◆ About this exercise
Below are some entries. Transcribe the lines from the one holding "As you walk" to the one holding "Oh look, it’s", inclusive, but not the pictures among them.

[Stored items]
Content starts

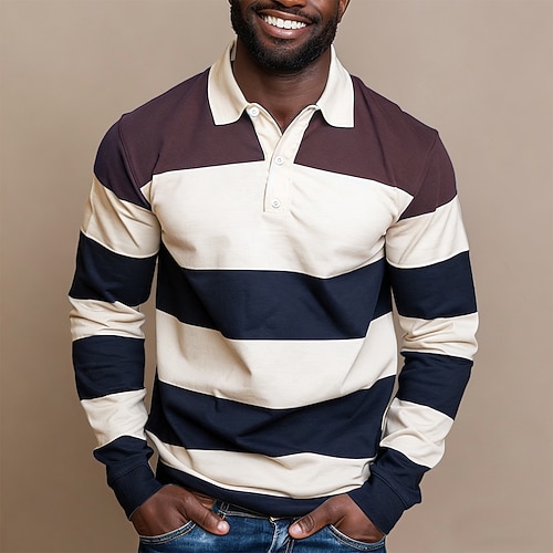 Per uomo Strisce orizzontali Polo da rugby Manica Lunga Magliette polo Camicie con Colletto Abbigliamento Sportivo Casual All'aperto Scuola Athleisure Stampa 3D Primavera Autunno Blu Marrone Verde
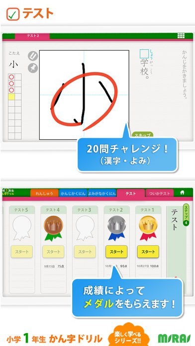 子どもが楽しく漢字学習ができるように工夫されており、成績によってメダルをもらえたり、漢字を書き順通りに綺麗に書けるとマルがもらえる機能が付いています。モチベーションがアップし、漢字学習がはかどります。
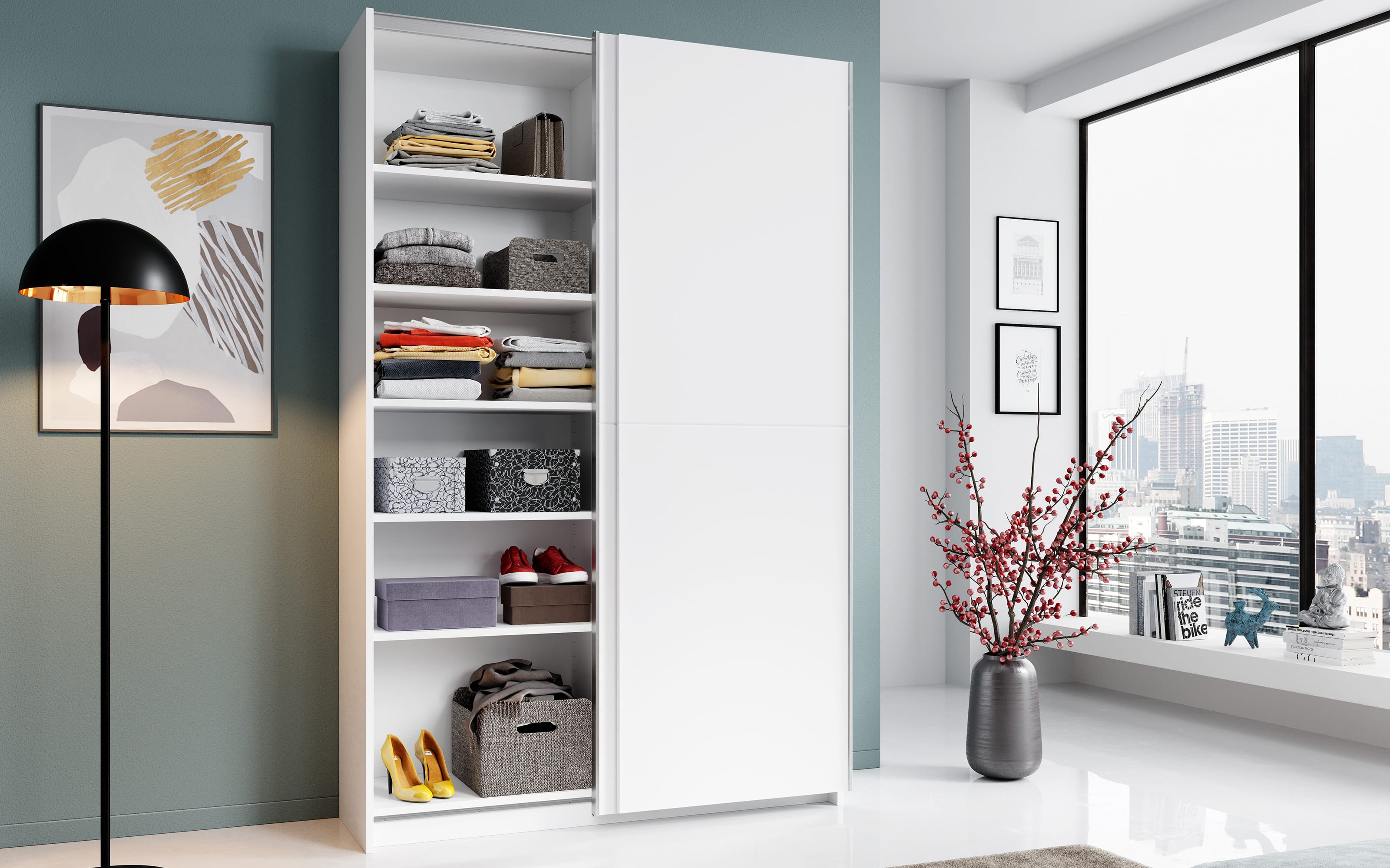 Schwebetürenschrank Fast, weiß, 125 x 195 cm
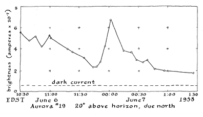 "To aid in estimating exposures and plotting variations of auroral brightness a 931-A photomultiplier tube was incorporated in the instrument. The photocathode is illuminated by a small telescope equipped with an objective lens of 1 1/2inches diameter and 12 inches focal length. The incoming light is focused on the photocathode through a diaphragm 1/2 inch in diameter that limits the illumination to a patch of aurora about five degrees in diameter. The output of the phototube actuates a microammeter. Brightness is indicated simply by the movement of the pointer. If an ultrasensitive meter is used, so that a current of 10 microamperes drives the pointer to full scale, no amplifier is necessary. If not, the circuit must include a direct-current amplifier. Warning: The 900-volt supply for the photomultiplier can be lethal if handled carelessly. The tube and all parts of the circuit must be well insulated from the metal housing, no bare wires or terminals can be exposed. The instrument is used in darkness, a condition that invites accidents. "A meter of the pen-recording type would be preferable because it would plot a continuous graph of brightness against time automatically. I have not, however, invested in one. The accompanying graph of a typical aurora was plotted by hand from periodic meter readings. The display was of medium intensity and showed a strong peak at midnight. The spectrograph was pointed due north and about 20 degrees above the horizon. The early portion of the record doubtless includes some twilight. The photomultiplier tube draws a small amount of current even when no light falls on the photocathode, an effort that establishes the minimum illumination to which the tube is sensitive. It is called the 'dark current,' and is indicated on the graph by the horizontal broken line near the bottom.
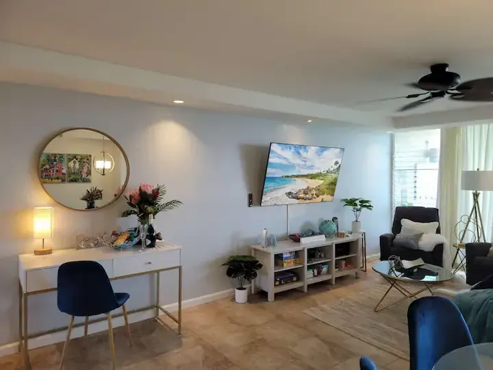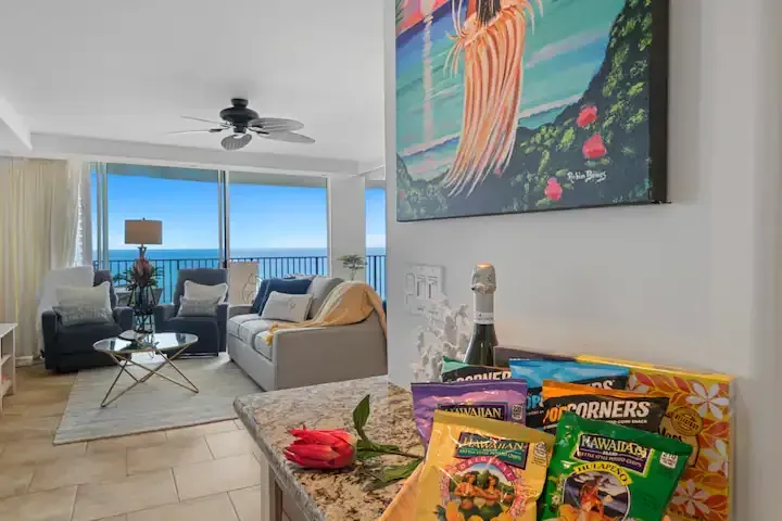 As you walk into this 2 bed 2 bath condo, you'll feel at awe by the magnificent view. The sounds of ocean waves will lull you immediately. The striking panoramic view will have you feel like you're in the endless blue ocean. Sitting on the lanai, the fresh island breeze will put you at ease in your own slice of an island paradise. Our newly re-designed and modernized space has all the amenities that you will need. Each of the 2 bedrooms has its own king bed and ensuite full bath. Laundry on site
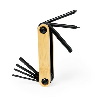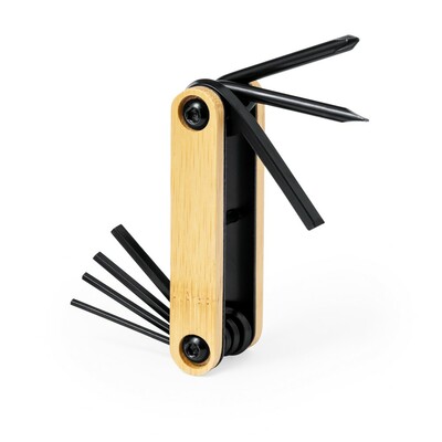 Narzędzie wielofunkcyjne, 7 funkcji, klucze imbusowe, śrubokręty, bambusowy uchwyt
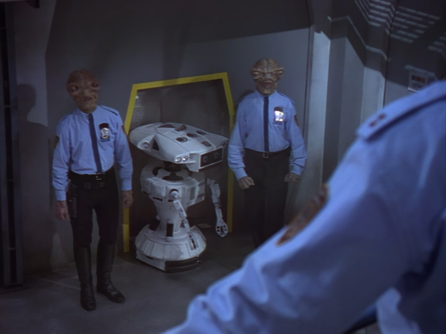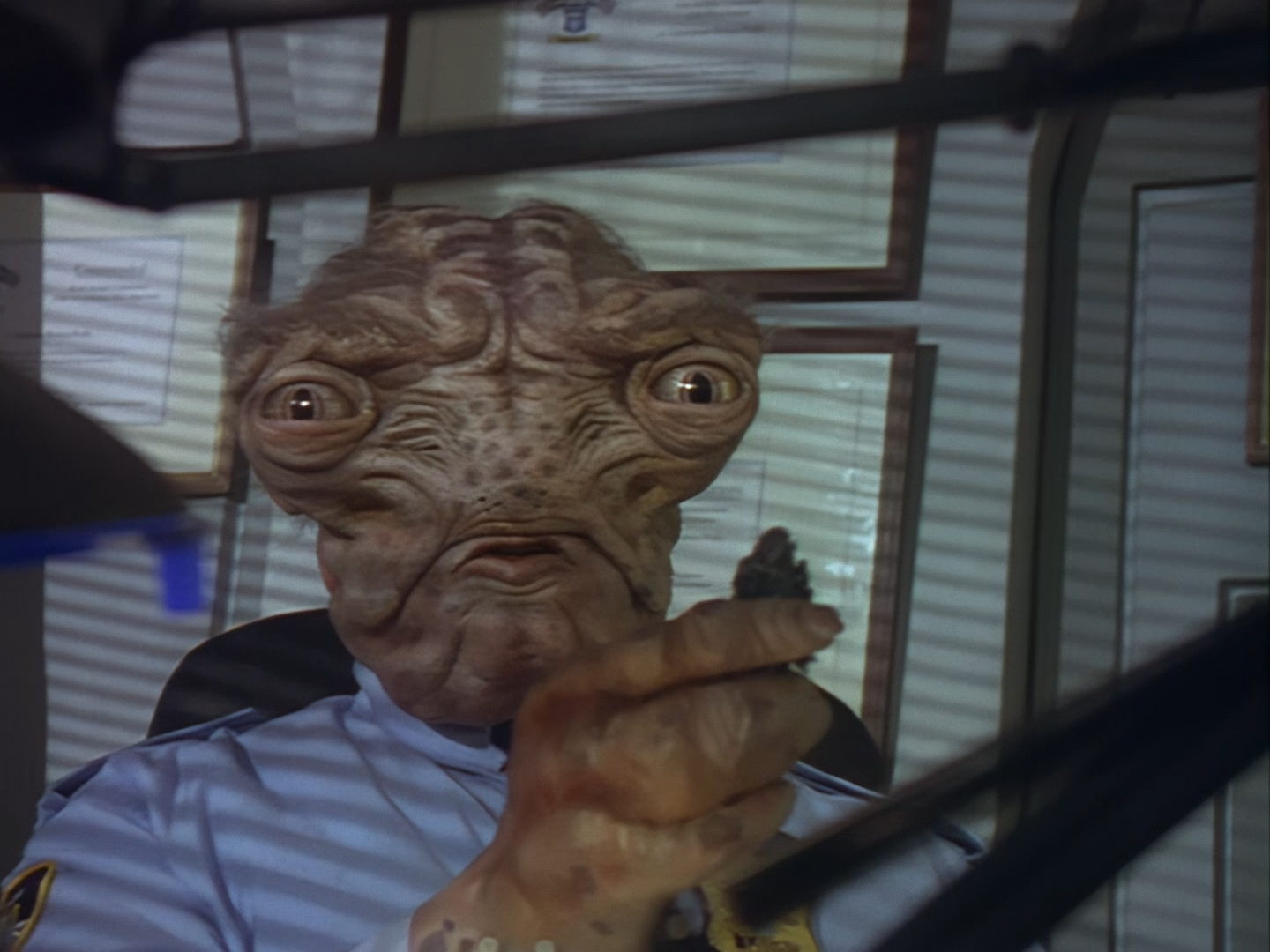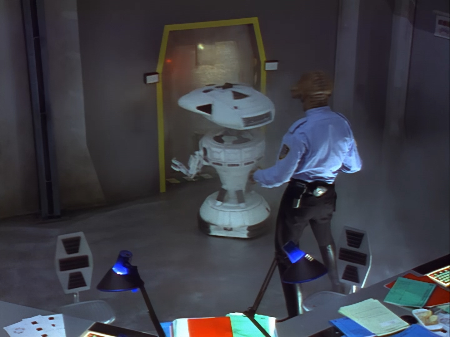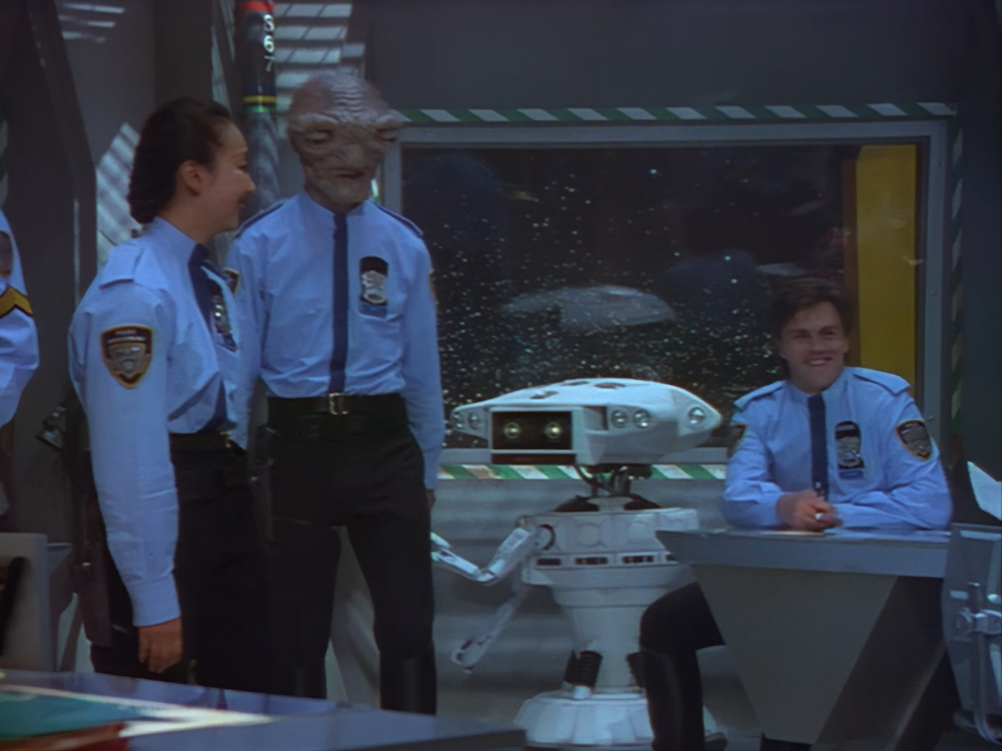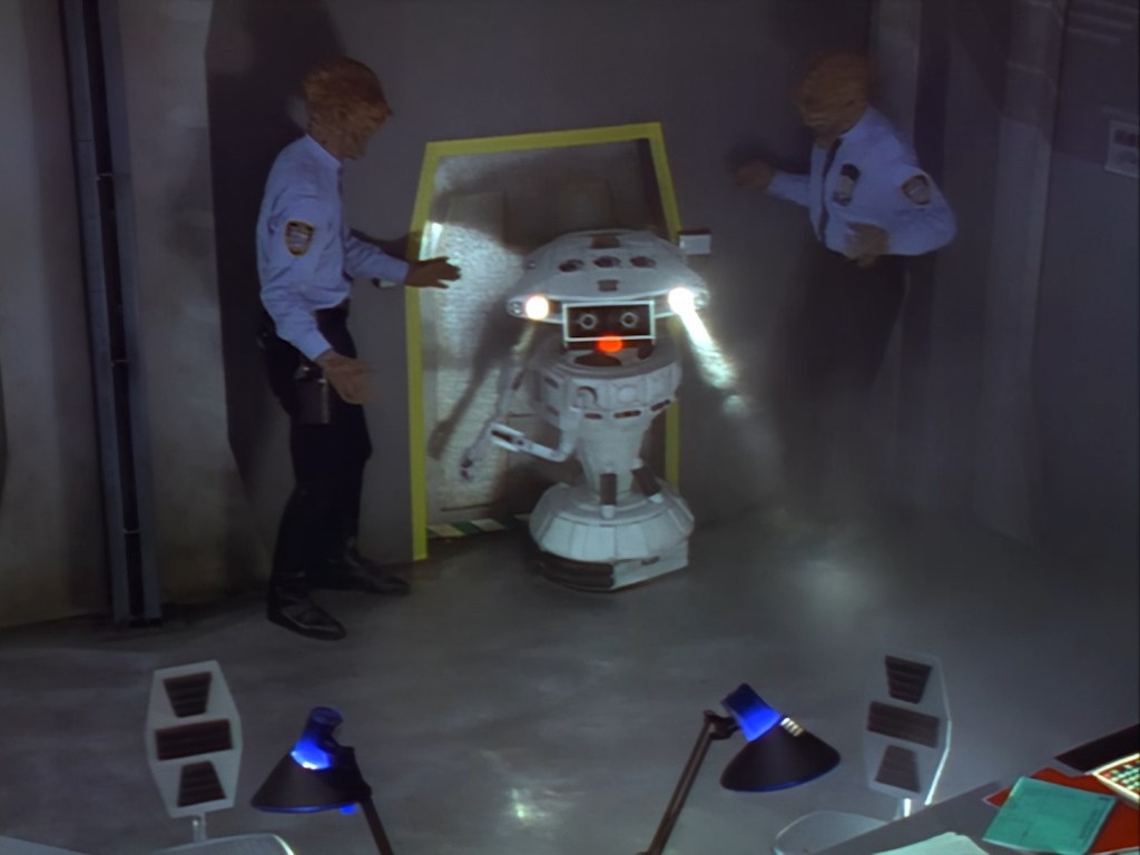 Oh look, it’s Slomo! The trouble with this not being a proper first episode is that characters just appear and disappear without a decent introduction. Other than Brogan, Slomo is the only character who was carried over from the original Space Police: Star Laws pilot in any meaningful way. Designed by David Dunsterville, built by Richard Gregory, and voiced by Gary Martin, Slomo is one of the most unique and charming characters in Space Precinct. The original exceedingly heavy prop survives to this day! As of summer 2024, Slomo resides in the collection of model builder and collector David Sisson.
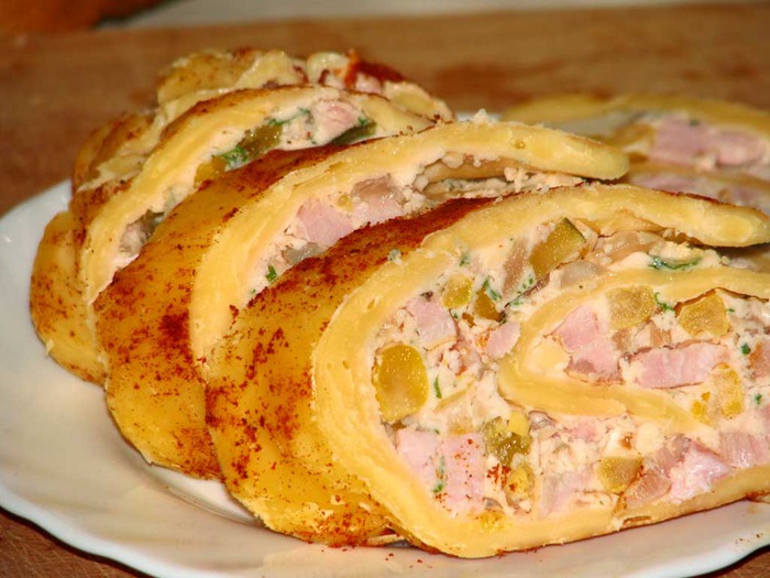 Девочки, я вчера тут мимо пробегала, изошлась слюной пока все прочитала. Какие вы все молодцы! А kitty так вообще кулинарный кладезь А сегодня я пробегала мимо одного ЖЖ, и увидела там рецептик, дуумаю может тоже пригодится здесь. На вид аппетитненько! " Сырный рулетик. Принцип приготовления блюда увидел по телевизору, а затем, дождавшись вдохновения и соответствующего случая, повторил. Итак, в этом блюде самое главное сыр. Я его взял приблизительно грамм 600. Половина российского, а вторая половина голландского. Мне кажется, что можно брать любой другой сыр, от этого менее вкусно не получится. Итак, сыр трем на крупную терку, ссыпаем в герметичный полиэтиленовый пакет и опускаем в кипящую воду. В воде он должен находиться, пока не растает, по опыту это минут 15-20. В это время мы готовим начинку. Слегка распускаем пакетик сливочного масла. В него добавляем столовую ложку хрена и пару ложек майонеза. Все тщательно перемешиваем. Добавляем мелко порезанное копченое мясо, горсть порезанного укропа, кукурузку и половинку соленого огурца. Пока делается начинка – сыр уже расплавился и ждет, когда мы его быстро, на вощеной бумаге раскатаем в корж толщиной миллиметров пять. Выкладываем на корж начинку и скатываем в рулет. Присыпаем рулет сверху сухой паприкой, заворачиваем в эту-же вощеную бумагу, перематываем ниткой и в холодильник застывать. Как сырный рулетик охладится – разрезаем, наливаем, выпиваем и, естественно, закусываем. " (рецепт и фото вот отсюда)
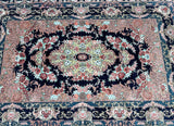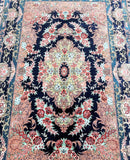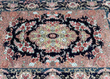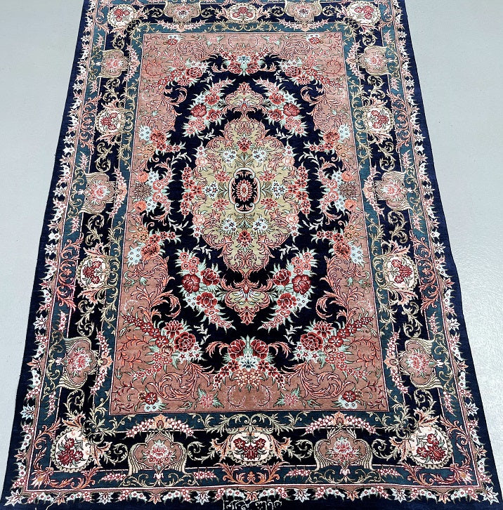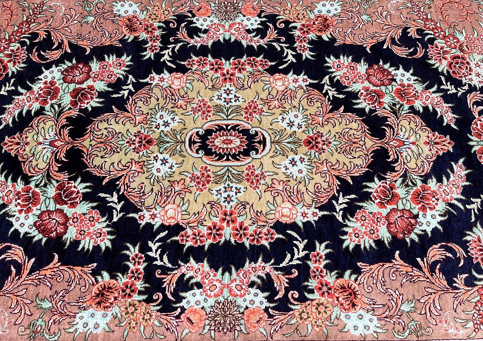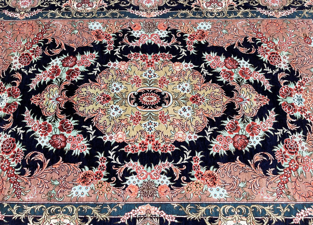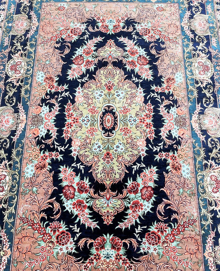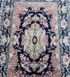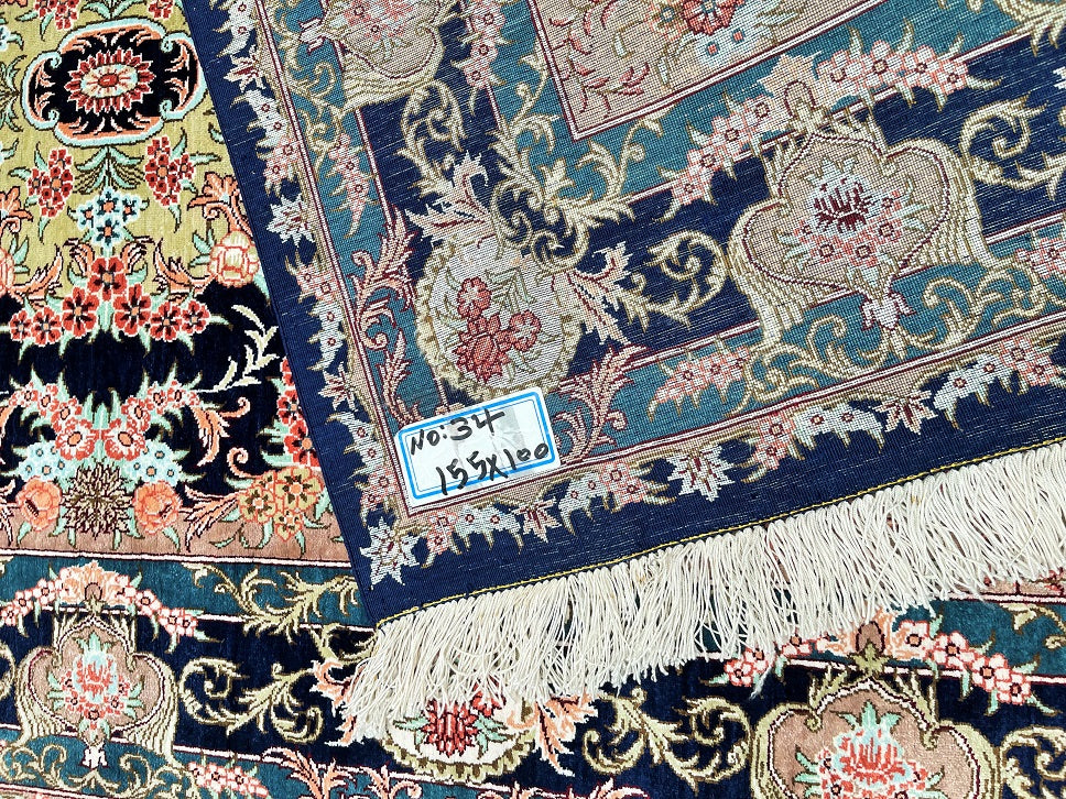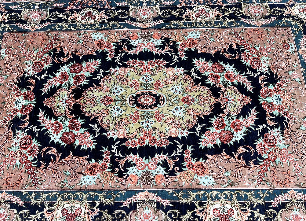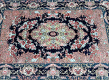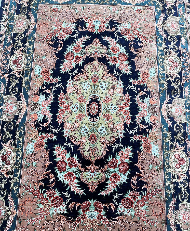 Superb Authentic Handmade Pure Silk Persian Qum Rug. Above All This Is An Original Persian Qum Rug Not An Indian Or Chinese Imitation. Indigo Blue, Beige, Pink, Green And Orange Tone Dyed Using Traditional Methods. Pin-Point Quality From Weaving House Of “Shayan-Qum”

Content ends

◆ Answer box
 As you walk into this 2 bed 2 bath condo, you'll feel at awe by the magnificent view. The sounds of ocean waves will lull you immediately. The striking panoramic view will have you feel like you're in the endless blue ocean. Sitting on the lanai, the fresh island breeze will put you at ease in your own slice of an island paradise. Our newly re-designed and modernized space has all the amenities that you will need. Each of the 2 bedrooms has its own king bed and ensuite full bath. Laundry on site
 Narzędzie wielofunkcyjne, 7 funkcji, klucze imbusowe, śrubokręty, bambusowy uchwyt
 Oh look, it’s Slomo! The trouble with this not being a proper first episode is that characters just appear and disappear without a decent introduction. Other than Brogan, Slomo is the only character who was carried over from the original Space Police: Star Laws pilot in any meaningful way. Designed by David Dunsterville, built by Richard Gregory, and voiced by Gary Martin, Slomo is one of the most unique and charming characters in Space Precinct. The original exceedingly heavy prop survives to this day! As of summer 2024, Slomo resides in the collection of model builder and collector David Sisson.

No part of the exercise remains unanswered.